::: Dataset records

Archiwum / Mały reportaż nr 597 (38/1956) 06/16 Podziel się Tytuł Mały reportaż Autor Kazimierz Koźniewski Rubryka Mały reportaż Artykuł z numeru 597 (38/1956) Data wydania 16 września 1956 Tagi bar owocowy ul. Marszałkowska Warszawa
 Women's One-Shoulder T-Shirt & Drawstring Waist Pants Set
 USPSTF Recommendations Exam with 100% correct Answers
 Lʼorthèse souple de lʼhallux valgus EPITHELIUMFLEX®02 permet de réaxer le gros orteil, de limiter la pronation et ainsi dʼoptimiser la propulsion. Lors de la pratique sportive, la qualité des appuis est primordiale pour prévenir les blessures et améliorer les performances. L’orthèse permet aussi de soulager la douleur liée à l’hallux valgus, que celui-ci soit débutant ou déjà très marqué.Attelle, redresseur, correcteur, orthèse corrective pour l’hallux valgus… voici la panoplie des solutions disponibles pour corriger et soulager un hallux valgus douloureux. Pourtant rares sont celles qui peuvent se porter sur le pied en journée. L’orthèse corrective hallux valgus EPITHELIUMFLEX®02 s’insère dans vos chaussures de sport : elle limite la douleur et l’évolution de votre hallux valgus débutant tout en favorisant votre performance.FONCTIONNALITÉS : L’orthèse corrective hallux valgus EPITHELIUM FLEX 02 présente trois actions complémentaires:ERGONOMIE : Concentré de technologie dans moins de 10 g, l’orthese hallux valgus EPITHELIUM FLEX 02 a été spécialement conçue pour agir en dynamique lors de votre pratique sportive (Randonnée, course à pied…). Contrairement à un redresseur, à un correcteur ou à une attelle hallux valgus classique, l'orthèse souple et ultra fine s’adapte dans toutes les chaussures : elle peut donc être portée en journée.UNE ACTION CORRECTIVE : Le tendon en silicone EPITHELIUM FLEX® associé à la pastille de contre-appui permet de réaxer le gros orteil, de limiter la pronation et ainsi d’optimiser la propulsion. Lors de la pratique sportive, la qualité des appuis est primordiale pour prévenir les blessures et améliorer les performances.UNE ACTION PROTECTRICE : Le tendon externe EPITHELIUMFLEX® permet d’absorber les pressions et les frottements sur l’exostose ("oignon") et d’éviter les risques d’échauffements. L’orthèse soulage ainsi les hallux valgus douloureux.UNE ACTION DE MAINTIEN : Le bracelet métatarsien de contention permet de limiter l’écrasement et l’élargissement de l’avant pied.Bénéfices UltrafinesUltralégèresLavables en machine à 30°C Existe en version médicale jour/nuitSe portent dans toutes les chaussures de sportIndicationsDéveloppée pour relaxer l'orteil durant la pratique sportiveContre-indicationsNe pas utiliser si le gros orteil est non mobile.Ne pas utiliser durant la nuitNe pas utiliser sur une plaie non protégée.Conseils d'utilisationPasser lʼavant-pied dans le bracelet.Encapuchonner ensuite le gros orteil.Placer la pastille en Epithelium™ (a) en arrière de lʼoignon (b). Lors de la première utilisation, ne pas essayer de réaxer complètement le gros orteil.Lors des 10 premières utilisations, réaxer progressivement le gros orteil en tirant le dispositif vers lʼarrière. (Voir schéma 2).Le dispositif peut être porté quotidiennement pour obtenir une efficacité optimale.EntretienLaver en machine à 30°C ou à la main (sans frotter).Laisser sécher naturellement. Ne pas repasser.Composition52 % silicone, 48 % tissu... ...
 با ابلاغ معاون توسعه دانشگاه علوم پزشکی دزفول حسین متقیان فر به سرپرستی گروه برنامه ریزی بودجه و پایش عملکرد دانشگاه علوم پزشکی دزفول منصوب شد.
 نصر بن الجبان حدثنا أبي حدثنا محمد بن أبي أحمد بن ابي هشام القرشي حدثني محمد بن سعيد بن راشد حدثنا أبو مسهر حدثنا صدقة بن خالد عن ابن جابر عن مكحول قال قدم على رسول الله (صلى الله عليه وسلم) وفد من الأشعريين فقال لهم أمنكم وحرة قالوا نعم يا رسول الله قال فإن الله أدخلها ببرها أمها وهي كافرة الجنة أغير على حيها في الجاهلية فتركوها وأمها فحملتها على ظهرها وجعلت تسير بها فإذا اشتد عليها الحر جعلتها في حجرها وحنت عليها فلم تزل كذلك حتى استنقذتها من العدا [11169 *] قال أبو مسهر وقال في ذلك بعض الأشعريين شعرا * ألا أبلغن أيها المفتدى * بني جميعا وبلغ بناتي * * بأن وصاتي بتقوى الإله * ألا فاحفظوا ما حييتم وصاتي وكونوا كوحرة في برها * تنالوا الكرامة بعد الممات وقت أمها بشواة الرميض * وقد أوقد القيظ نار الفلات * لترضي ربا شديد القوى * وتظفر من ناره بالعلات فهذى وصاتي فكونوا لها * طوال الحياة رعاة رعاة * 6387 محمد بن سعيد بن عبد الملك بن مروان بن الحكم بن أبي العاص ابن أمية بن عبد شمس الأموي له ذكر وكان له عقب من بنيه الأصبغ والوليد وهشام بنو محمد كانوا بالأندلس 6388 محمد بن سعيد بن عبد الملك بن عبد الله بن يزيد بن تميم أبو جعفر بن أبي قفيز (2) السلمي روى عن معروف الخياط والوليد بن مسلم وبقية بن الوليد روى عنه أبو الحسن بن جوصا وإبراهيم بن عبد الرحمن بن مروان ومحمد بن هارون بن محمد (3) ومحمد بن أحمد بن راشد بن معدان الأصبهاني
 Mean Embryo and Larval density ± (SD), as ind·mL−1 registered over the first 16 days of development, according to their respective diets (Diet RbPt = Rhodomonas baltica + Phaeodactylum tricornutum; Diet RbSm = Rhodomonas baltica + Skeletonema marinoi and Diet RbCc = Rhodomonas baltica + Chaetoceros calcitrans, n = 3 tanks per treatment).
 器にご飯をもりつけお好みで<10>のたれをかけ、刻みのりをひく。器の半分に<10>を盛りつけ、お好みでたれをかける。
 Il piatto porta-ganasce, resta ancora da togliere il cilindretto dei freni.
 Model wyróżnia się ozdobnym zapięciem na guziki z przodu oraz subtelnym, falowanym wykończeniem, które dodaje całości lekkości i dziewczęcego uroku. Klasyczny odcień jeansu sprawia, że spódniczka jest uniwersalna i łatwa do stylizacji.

::::::

Now that the records have been shown, restate each one word for word.

Archiwum / Mały reportaż nr 597 (38/1956) 06/16 Podziel się Tytuł Mały reportaż Autor Kazimierz Koźniewski Rubryka Mały reportaż Artykuł z numeru 597 (38/1956) Data wydania 16 września 1956 Tagi bar owocowy ul. Marszałkowska Warszawa
 Women's One-Shoulder T-Shirt & Drawstring Waist Pants Set
 USPSTF Recommendations Exam with 100% correct Answers
 Lʼorthèse souple de lʼhallux valgus EPITHELIUMFLEX®02 permet de réaxer le gros orteil, de limiter la pronation et ainsi dʼoptimiser la propulsion. Lors de la pratique sportive, la qualité des appuis est primordiale pour prévenir les blessures et améliorer les performances. L’orthèse permet aussi de soulager la douleur liée à l’hallux valgus, que celui-ci soit débutant ou déjà très marqué.Attelle, redresseur, correcteur, orthèse corrective pour l’hallux valgus… voici la panoplie des solutions disponibles pour corriger et soulager un hallux valgus douloureux. Pourtant rares sont celles qui peuvent se porter sur le pied en journée. L’orthèse corrective hallux valgus EPITHELIUMFLEX®02 s’insère dans vos chaussures de sport : elle limite la douleur et l’évolution de votre hallux valgus débutant tout en favorisant votre performance.FONCTIONNALITÉS : L’orthèse corrective hallux valgus EPITHELIUM FLEX 02 présente trois actions complémentaires:ERGONOMIE : Concentré de technologie dans moins de 10 g, l’orthese hallux valgus EPITHELIUM FLEX 02 a été spécialement conçue pour agir en dynamique lors de votre pratique sportive (Randonnée, course à pied…). Contrairement à un redresseur, à un correcteur ou à une attelle hallux valgus classique, l'orthèse souple et ultra fine s’adapte dans toutes les chaussures : elle peut donc être portée en journée.UNE ACTION CORRECTIVE : Le tendon en silicone EPITHELIUM FLEX® associé à la pastille de contre-appui permet de réaxer le gros orteil, de limiter la pronation et ainsi d’optimiser la propulsion. Lors de la pratique sportive, la qualité des appuis est primordiale pour prévenir les blessures et améliorer les performances.UNE ACTION PROTECTRICE : Le tendon externe EPITHELIUMFLEX® permet d’absorber les pressions et les frottements sur l’exostose ("oignon") et d’éviter les risques d’échauffements. L’orthèse soulage ainsi les hallux valgus douloureux.UNE ACTION DE MAINTIEN : Le bracelet métatarsien de contention permet de limiter l’écrasement et l’élargissement de l’avant pied.Bénéfices UltrafinesUltralégèresLavables en machine à 30°C Existe en version médicale jour/nuitSe portent dans toutes les chaussures de sportIndicationsDéveloppée pour relaxer l'orteil durant la pratique sportiveContre-indicationsNe pas utiliser si le gros orteil est non mobile.Ne pas utiliser durant la nuitNe pas utiliser sur une plaie non protégée.Conseils d'utilisationPasser lʼavant-pied dans le bracelet.Encapuchonner ensuite le gros orteil.Placer la pastille en Epithelium™ (a) en arrière de lʼoignon (b). Lors de la première utilisation, ne pas essayer de réaxer complètement le gros orteil.Lors des 10 premières utilisations, réaxer progressivement le gros orteil en tirant le dispositif vers lʼarrière. (Voir schéma 2).Le dispositif peut être porté quotidiennement pour obtenir une efficacité optimale.EntretienLaver en machine à 30°C ou à la main (sans frotter).Laisser sécher naturellement. Ne pas repasser.Composition52 % silicone, 48 % tissu... ...
 با ابلاغ معاون توسعه دانشگاه علوم پزشکی دزفول حسین متقیان فر به سرپرستی گروه برنامه ریزی بودجه و پایش عملکرد دانشگاه علوم پزشکی دزفول منصوب شد.
 نصر بن الجبان حدثنا أبي حدثنا محمد بن أبي أحمد بن ابي هشام القرشي حدثني محمد بن سعيد بن راشد حدثنا أبو مسهر حدثنا صدقة بن خالد عن ابن جابر عن مكحول قال قدم على رسول الله (صلى الله عليه وسلم) وفد من الأشعريين فقال لهم أمنكم وحرة قالوا نعم يا رسول الله قال فإن الله أدخلها ببرها أمها وهي كافرة الجنة أغير على حيها في الجاهلية فتركوها وأمها فحملتها على ظهرها وجعلت تسير بها فإذا اشتد عليها الحر جعلتها في حجرها وحنت عليها فلم تزل كذلك حتى استنقذتها من العدا [11169 *] قال أبو مسهر وقال في ذلك بعض الأشعريين شعرا * ألا أبلغن أيها المفتدى * بني جميعا وبلغ بناتي * * بأن وصاتي بتقوى الإله * ألا فاحفظوا ما حييتم وصاتي وكونوا كوحرة في برها * تنالوا الكرامة بعد الممات وقت أمها بشواة الرميض * وقد أوقد القيظ نار الفلات * لترضي ربا شديد القوى * وتظفر من ناره بالعلات فهذى وصاتي فكونوا لها * طوال الحياة رعاة رعاة * 6387 محمد بن سعيد بن عبد الملك بن مروان بن الحكم بن أبي العاص ابن أمية بن عبد شمس الأموي له ذكر وكان له عقب من بنيه الأصبغ والوليد وهشام بنو محمد كانوا بالأندلس 6388 محمد بن سعيد بن عبد الملك بن عبد الله بن يزيد بن تميم أبو جعفر بن أبي قفيز (2) السلمي روى عن معروف الخياط والوليد بن مسلم وبقية بن الوليد روى عنه أبو الحسن بن جوصا وإبراهيم بن عبد الرحمن بن مروان ومحمد بن هارون بن محمد (3) ومحمد بن أحمد بن راشد بن معدان الأصبهاني
 Mean Embryo and Larval density ± (SD), as ind·mL−1 registered over the first 16 days of development, according to their respective diets (Diet RbPt = Rhodomonas baltica + Phaeodactylum tricornutum; Diet RbSm = Rhodomonas baltica + Skeletonema marinoi and Diet RbCc = Rhodomonas baltica + Chaetoceros calcitrans, n = 3 tanks per treatment).
 器にご飯をもりつけお好みで<10>のたれをかけ、刻みのりをひく。器の半分に<10>を盛りつけ、お好みでたれをかける。
 Il piatto porta-ganasce, resta ancora da togliere il cilindretto dei freni.
 Model wyróżnia się ozdobnym zapięciem na guziki z przodu oraz subtelnym, falowanym wykończeniem, które dodaje całości lekkości i dziewczęcego uroku. Klasyczny odcień jeansu sprawia, że spódniczka jest uniwersalna i łatwa do stylizacji.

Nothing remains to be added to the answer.